This is the development repository of Triton, a language and compiler for writing highly efficient custom Deep-Learning primitives. The aim of Triton is to provide an open-source environment to write fast code at higher productivity than CUDA, but also with much higher flexibility than TVM and without having to manually specify compute schedules.

The main components of Triton at the moment are:

Triton-C: An imperative, single-threaded language for writing highly efficient compute-kernels at a relatively high abstraction level (think numpy-like array operations in a C-like language).
Triton-IR: A special-purpose intermediate representation (Triton-IR) for aiding array-level program analysis and optimizations in Triton-C programs.
Triton-JIT: An optimizing just-in-time compiler for Triton-IR, which generates GPU code on par with state-of-the-art CUDA-C (e.g., CUTLASS). This includes transparent support for mixed-precision and Tensor Cores.
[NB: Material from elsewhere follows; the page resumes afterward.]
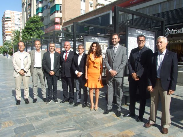 La consejera de Turismo, Juventud y Deportes, Cristina Sánchez, visitó hoy la muestra '100 años de historia', que reúne una colección con más de 20 imágenes que repasan la historia del Murcia Club de Tenis, algunas de ellas inéditas, con motivo de su centenario, y que permanecerá expuesta en la Avenida Libertad de Murcia hasta el 6 de octubre.

Bindings for automatic PyTorch custom op generations are included in PyTriton, along with a small DSL based on einsum that supports convolutions, shift-convolutions, direct einsums, etc.

The formal foundations of this project are described in the following MAPL2019 publication: Triton: An Intermediate Language and Compiler for Tiled Neural Network Computations. Please cite us if you use our work!

Installation

Triton is a fairly self-contained package and uses its own parser (forked from wgtcc) and LLVM-8.0+ for code generation.

sudo apt-get install llvm-8-dev
 pip install -e "git+https://github.com/ptillet/triton.git#egg=triton&subdirectory=python"

Getting Started

Please visit the documentation to get started with Triton

Contributing

Please keep in mind that this is a project I have been carrying out completely on my own as part of my Ph.D. thesis. While I am confident in the approach, there are still many things to fix and to polish. Please contact me (ptillet AT g.harvard.edu) or raise an issue if you want to contribute!

ISAAC (deprecated) for fast inference

Before working on Triton, I wrote custom auto-tuned PTX code for fast, quantized inference on GPUs. While this project is now deprecated, you can use it at your own risk by checking out the "isaac" tag in this repository.